- **Data**:
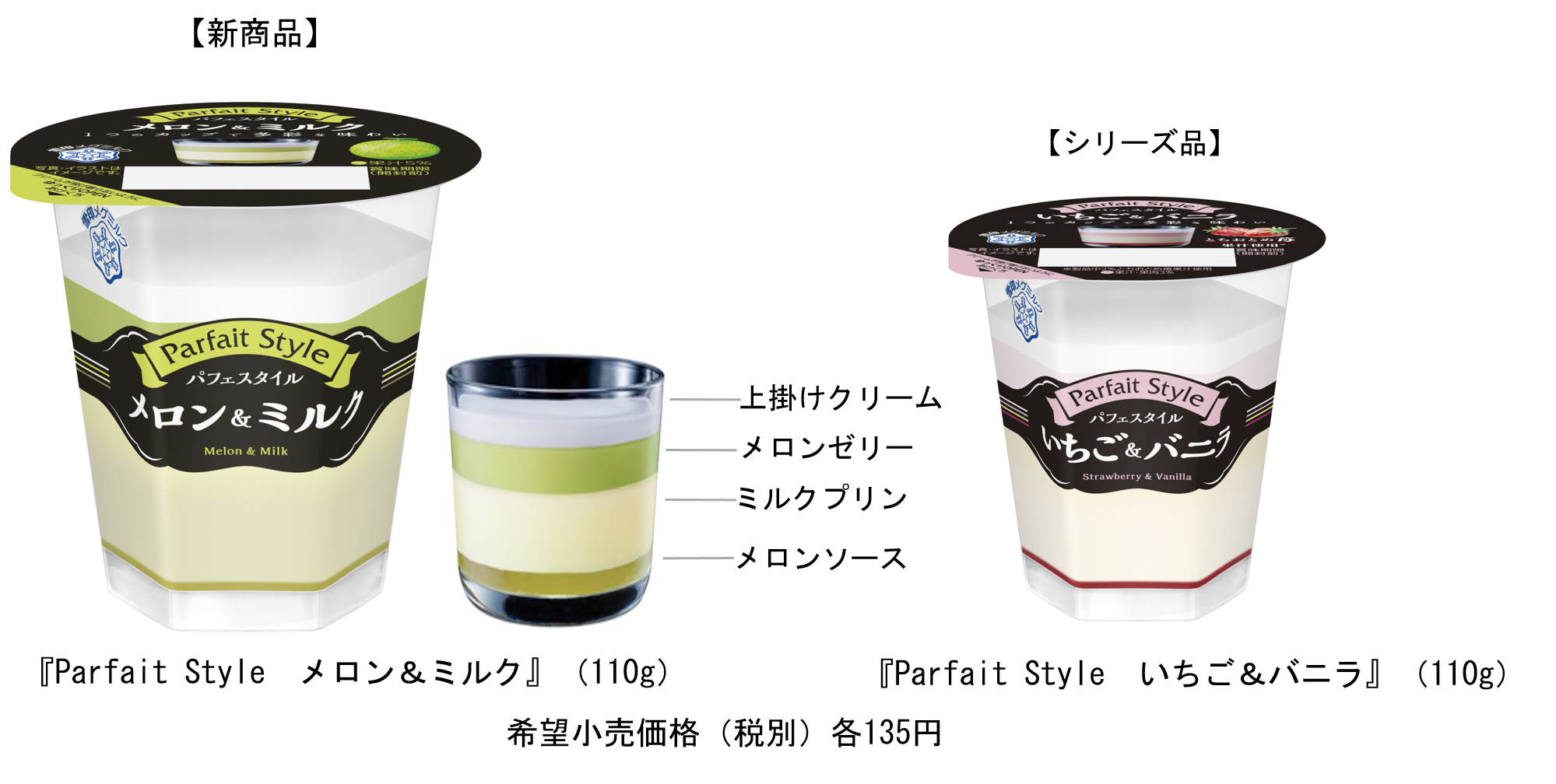 パフェを提供するフルーツパーラーでは、メロンパフェは季節を問わず楽しまれている人気の定番メニューです。そこで、このたびご好評いただいている「いちご&バニラ」と、今回新たに発売する『メロン&ミルク』の2品で、パフェの味わいを再現したスイーツとしてご提案してまいります。「メロン&ミルク」もシリーズ品と同じく4層仕立てで、ジューシーで香り高いメロンパフェの味わいを再現しています。
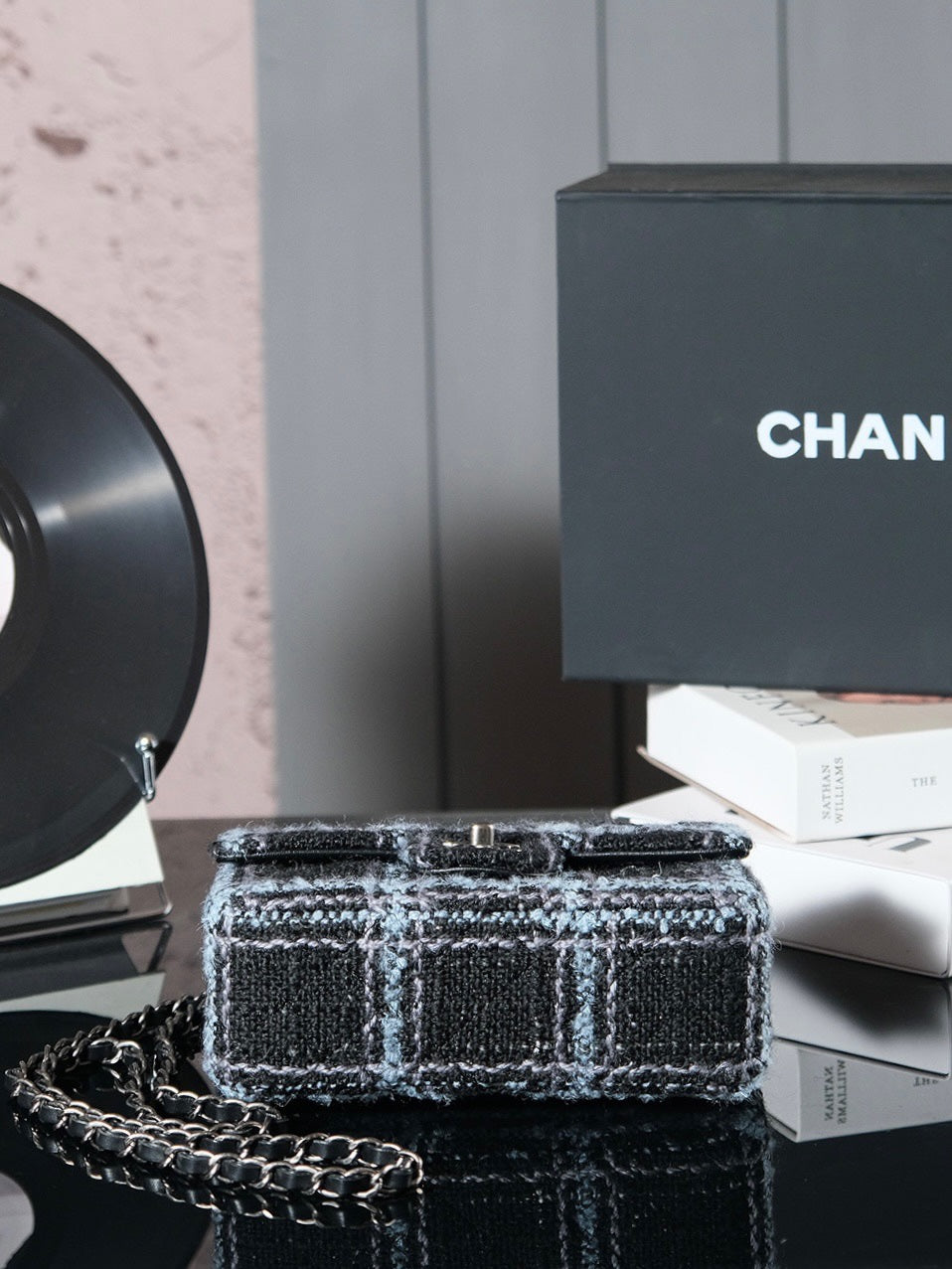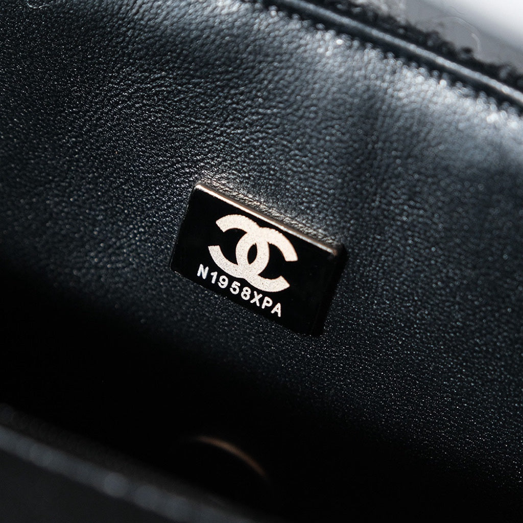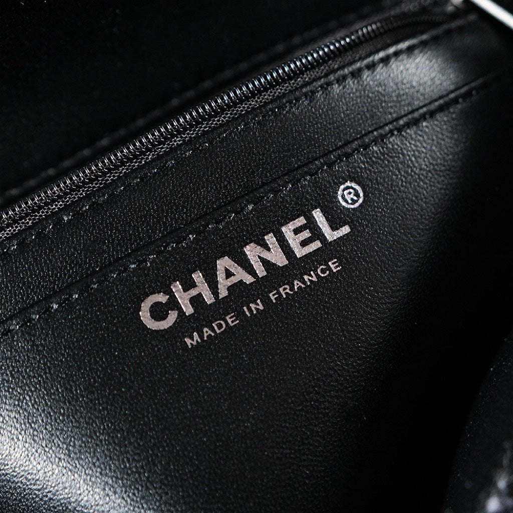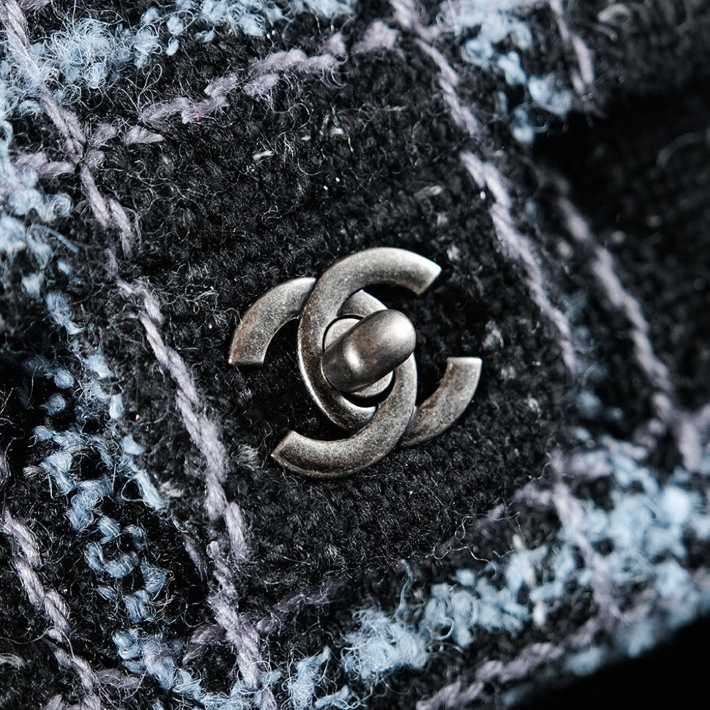 24K Flap Bag 20cm Blue Black Stripe Tweed
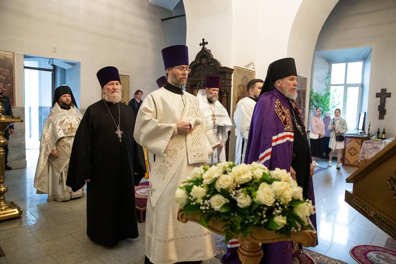 После богослужения к Его Преосвященству с приветственным словом обратился настоятель храма протоиерей Сергий Дубинин, который поблагодарил Владыку за визит и совместную молитву, и на память о богослужении подарил Владыке Минею XVIII века.
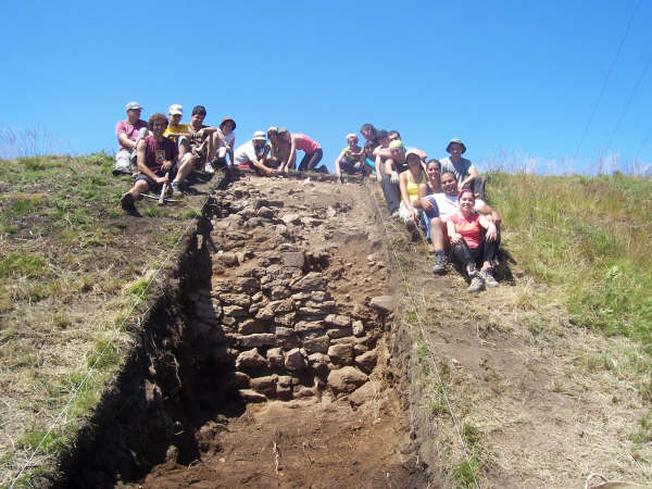 Aqui estamos trabajando en el Castro de Arrola, el trabajo era un poco duro (de pico y pala),pero con el buen ambiente que había se hacía muy llevadero. Y además, es muy agradable la satisfacción por el buen trabajo que realizamos todos. Las vistas desde el Castro eran incomparables.
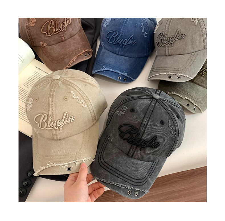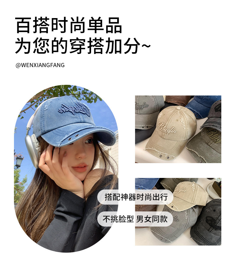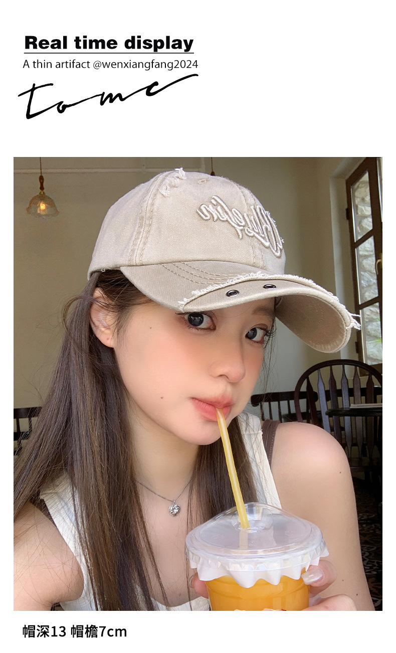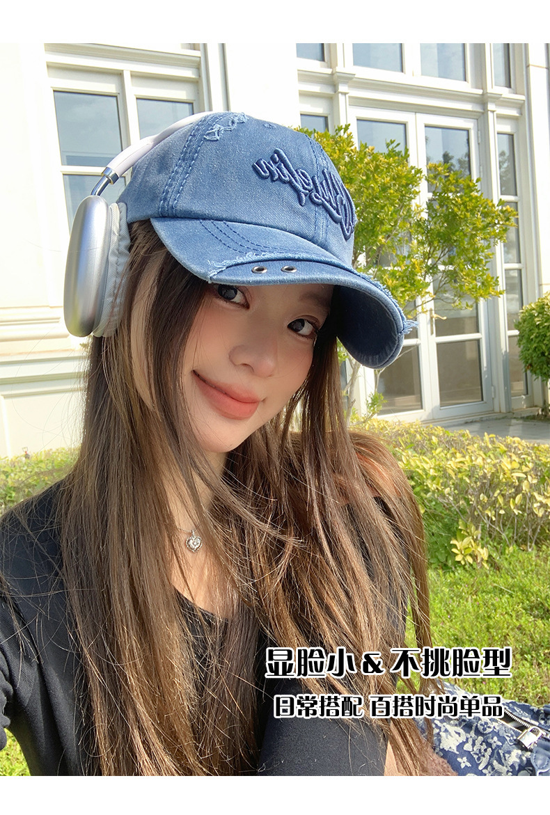 破洞大头围显脸小鸭舌帽美式复古牛仔棒球帽女宽帽檐百搭时尚帽子

- **Task requirements**: Please repeat the data above exactly as it appears, pictures excluded.

- **Your response**:
 パフェを提供するフルーツパーラーでは、メロンパフェは季節を問わず楽しまれている人気の定番メニューです。そこで、このたびご好評いただいている「いちご&バニラ」と、今回新たに発売する『メロン&ミルク』の2品で、パフェの味わいを再現したスイーツとしてご提案してまいります。「メロン&ミルク」もシリーズ品と同じく4層仕立てで、ジューシーで香り高いメロンパフェの味わいを再現しています。
 24K Flap Bag 20cm Blue Black Stripe Tweed
 После богослужения к Его Преосвященству с приветственным словом обратился настоятель храма протоиерей Сергий Дубинин, который поблагодарил Владыку за визит и совместную молитву, и на память о богослужении подарил Владыке Минею XVIII века.
 Aqui estamos trabajando en el Castro de Arrola, el trabajo era un poco duro (de pico y pala),pero con el buen ambiente que había se hacía muy llevadero. Y además, es muy agradable la satisfacción por el buen trabajo que realizamos todos. Las vistas desde el Castro eran incomparables.
 破洞大头围显脸小鸭舌帽美式复古牛仔棒球帽女宽帽檐百搭时尚帽子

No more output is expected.